**** Dataset content
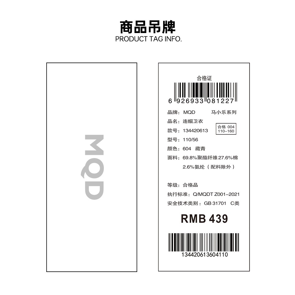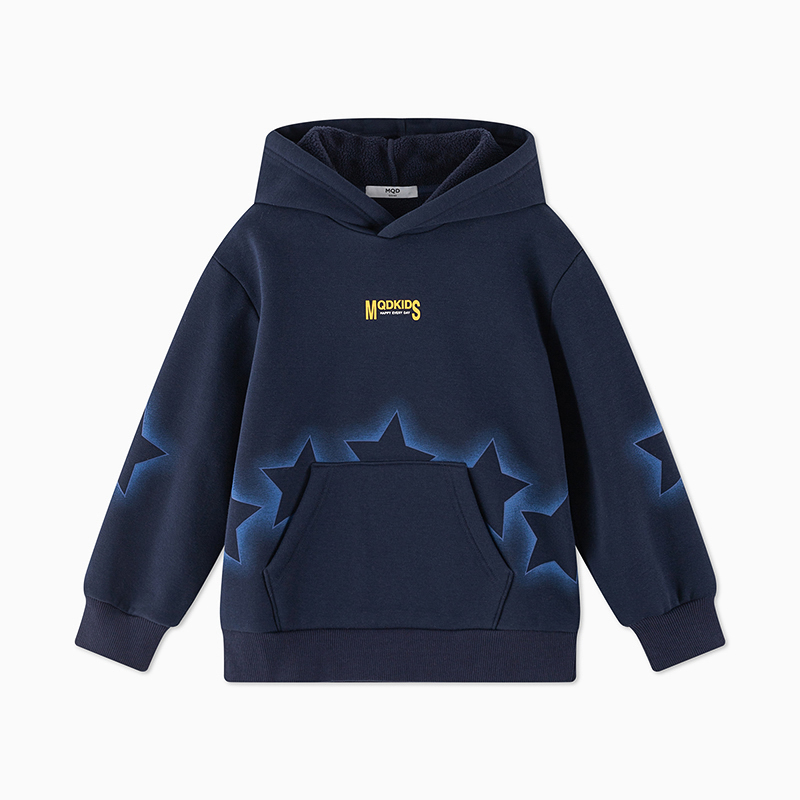 【MQD】男童冬季保暖舒适加绒潮酷印花卫衣
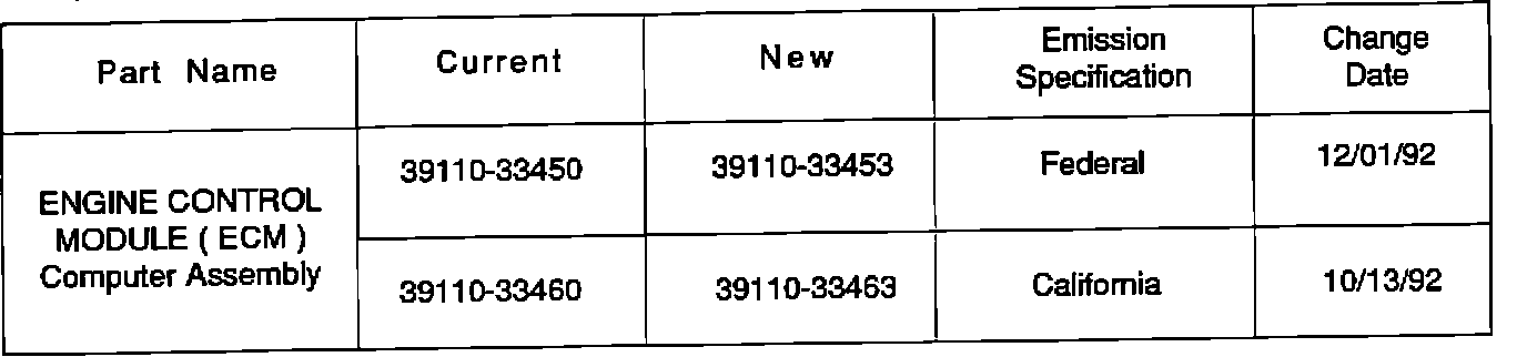 Home >> Hyundai >> 1993 >> Elantra L4-1.8L >> Repair and Diagnosis >> Powertrain Management >> Computers and Control Systems >> Relays and Modules - Computers and Control Systems >> Engine Control Module >> Technical Service Bulletins >> Customer Interest >> Engine - Stalling/Poor Driveability When Cold
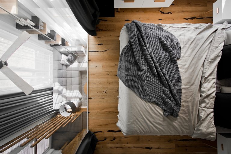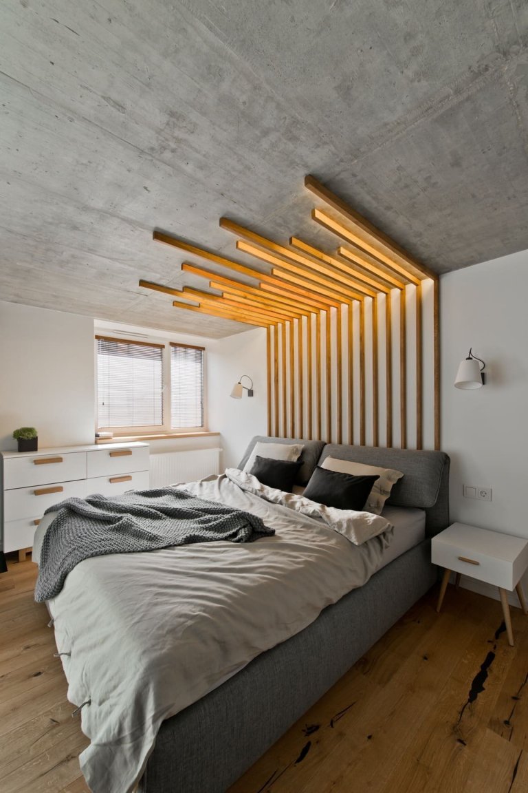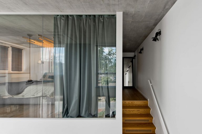 Velká míra kreativity nechybí ani v ložnici, která je o to minimalističtěji zařízená. Její dominantou jsou totiž subtilní dřevěné laťky připevněné za čelo postele, které jako paprsky dosahují až na strop. Laťky v sobě mají zabudované LED pásky, takže zároveň fungují jako originální osvětlení. Strop je z betonu, přesto ale nenarušuje útulnou atmosféru v interiéru ložnice, v němž převládají nenápadné barvy a čisté linie. Ložnice je přitom od zbylého prostoru poněkud netradičně oddělena stěnami z čirého skla, které tlumí hluk doléhající z obývacího pokoje.
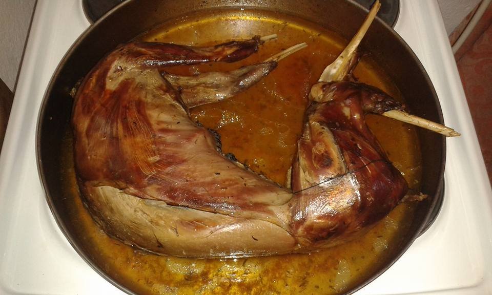 Продукти: 1 цял заек,300гр.ориз,1 връзка лук,магданоз,заешките дреболии,сол,чубрика,червен пипер,черен пипер,олио. Заекът се изкисва във вода и оцет,за 24 часа,като 2 пъти сме сменяли водата.Приготвяне:Нарязвам на дребно дреболиите,запържвам ги,след това добавям лукът и магданозът,запържвам още 5-10минути,след което добавям и оризът.Позапържвам още 5-10минути и свалям от котлона.С една лъжица сол,натривам заека отвътре,след което го напълвам с плънката.Зашивам и поставям да ври в гореща вода, за 1:30 минути в тенджера,като ври 45 минути от едната страна и 45 минути от другата страна. След това го слагам в тава,с 1-2 литра вода и пека под фолио.Като мине 1 час,махам фолиото,обръщам го,слагам ново фолио и пека още 1 час.Накрая дегустираме с ракия и салата.
********
** Problem to solve **
From the first line of the listing above, repeat every line through the one holding "Home >> Hyundai". Both ends count, and pictures stay out.

** Answer space **
 【MQD】男童冬季保暖舒适加绒潮酷印花卫衣
 Home >> Hyundai >> 1993 >> Elantra L4-1.8L >> Repair and Diagnosis >> Powertrain Management >> Computers and Control Systems >> Relays and Modules - Computers and Control Systems >> Engine Control Module >> Technical Service Bulletins >> Customer Interest >> Engine - Stalling/Poor Driveability When Cold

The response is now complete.